Since then, Dugin has organised his views into a geostrategic ideology and a fairly complex political metaphysics referred to both as ‘Neo-Eurasianism’ and the ‘Fourth Political Theory’. Neo-Eurasianism posits an ongoing tension, often erupting into warfare, between archetypal societal organisation, between land based and marine civilisations. The theory extends to further posit that the struggle is between harmonious, land based societies organised around history and traditions and inherently liberal ‘Atlanticist’ ‘empires of the sea’, whose colonialist, capitalist drive is seen as abhorring and undermining tradition.
According to Dugin, while contemporary Atlanticists have entrenched their position through international organisations and political elites and hierarchies, their Eurasian position is largely defenceless. This is seen as being through Atlanticism’s prioritisation of individual liberties above all else, dissolving social bonds and obligations, devaluing cultural legacy, destroying what Neo-Eurasianism believes allows traditional societies to exist. The hegemonic impulse of Atlanticism is seen as being proven through its perception of any opposition to its political or economic interests as counterintuitive to its notions of freedom.

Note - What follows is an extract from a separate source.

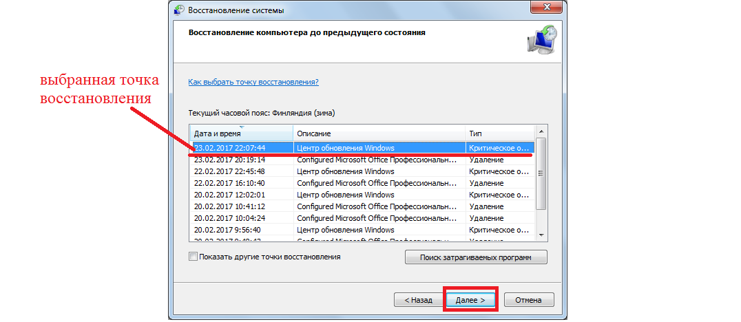 - дальше выберете желаемую точку восстановления, а они здесь отсортированы по датам и времени (выбирать нужно ту, которая наиболее точно соответствует времени, когда все было хорошо);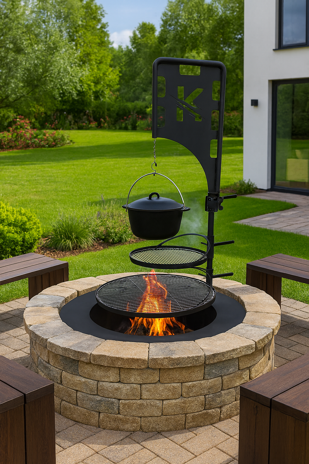 Palenisko PREMIUM do zabudowy kamiennej z funkcją grilla i kociołka

Dugin has posited his solution as being for Eurasia to become a Grossraum, or ‘great space’, analogous in scope to the Atlanticist world. Within this he proposes a complex distribution of power between a ‘strategic centre’ and its subdivisions, known as ‘autonomies’, based on culture, tradition and history. In this model, the centre coordinates the economy and the military, with the autonomies, in theory, left to organise their own affairs according to their traditions. Whilst there appears to be scope for a range of differing political, economic and social systems of internal organisation in this system, they are underpinned by an absolute subscription to traditionalist nationalism and Dugin is clear he imagines most will also adopt a conservative and corporatist paradigm.

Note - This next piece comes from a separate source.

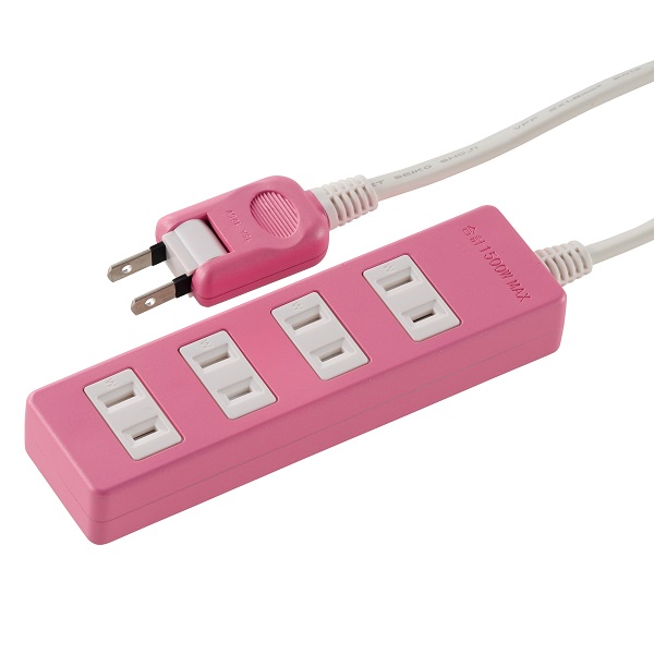 - カラータップ 4個口 2m ピンク [品番]00-1423

Dugin's 'Fourth Political Theory', being based in some of the most pernicious aspects of Heidegger’s philosophy, extends from the first principle that modernity is a form of scientific objectification of the world, which only accepts cultural or traditional knowledge when it remains secondary to allegedly objective inquiry. For Dugin this is fundamental to what he sees as the three most powerful political philosophies of the modern era: Marxism, fascism and liberalism. He rejects all three but believes they contain elements from which he has constructed a better basis for their postulated successor, the Fourth Political Theory. It bases its understanding of history, unlike its three predecessors, not on class, race or the individual but claims to build from a basis in Heidegger’s ‘daisen’, humanity.

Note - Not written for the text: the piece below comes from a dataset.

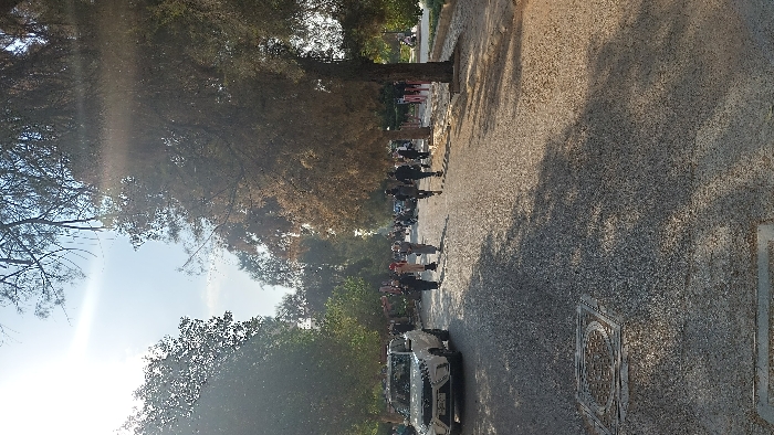 This image depicts an outdoor scene within the Ash-Shaghour Municipality, Syria, on what appears to be a sunny day. A wide, unpaved or gravel-covered road, or path, recedes into the distance, lined on both sides by numerous trees exhibiting varying degrees of foliage; some are lush green, while others display autumn colors or appear sparser. Strong sunlight emanates from the upper left quadrant, casting distinct shadows across the road surface. In the foreground, two dark-colored utility covers are embedded in the road. On the left side of the road, a white SUV is parked, facing away from the camera, with its front visible and a license plate attached. A group of approximately 10-15 individuals, predominantly adults, are visible walking along the road, generally moving away from the viewer. Many of the female individuals are wearing head coverings. On the right side of the path, a raised curb or planter area is visible, containing trees and some red, vertical structures, possibly bollards or decorative elements. More people are discernible further down the path and in the background, amidst the trees and light. The sky is bright with visible glare from the sun.

In Dugin’s ideal, Heideggerian ‘authentic’, the basis for individual and societal organisation is tradition. In this, history becomes the ‘history of tradition’ with politics in a secondary role. His goal has been to cultivate a Eurasian socio-political network to rival its, until now, US dominated, Atlanticist counterpart, in which he sees Russia as the natural leader in its resurgence and in the formation of a Grossraum. The nodes of this network are diverse and numerous, aimed at exploiting the shadow side of liberal institutions and technologies.
Prolific, constantly publishing and touring the world lecturing on his political philosophies, Dugin rarely seems to rest. His clear objective is, and has been, to attract like minded thinkers from what used to be the international intellectual fringe, fast becoming normalised, imitating mainstream discourse which has shunned or excluded them in the past. His philosphies, whilst clearly an indirect influence on many others, have been a direct influence on Germany’s National Democratic Party, the BNP and their apparently more socially acceptable cousins, UKIP, the Golden Dawn in Greece, Jobbik in Hungary, Front Nationale in France, the Dutch Party for Freedom and of course the Trump movement in the US.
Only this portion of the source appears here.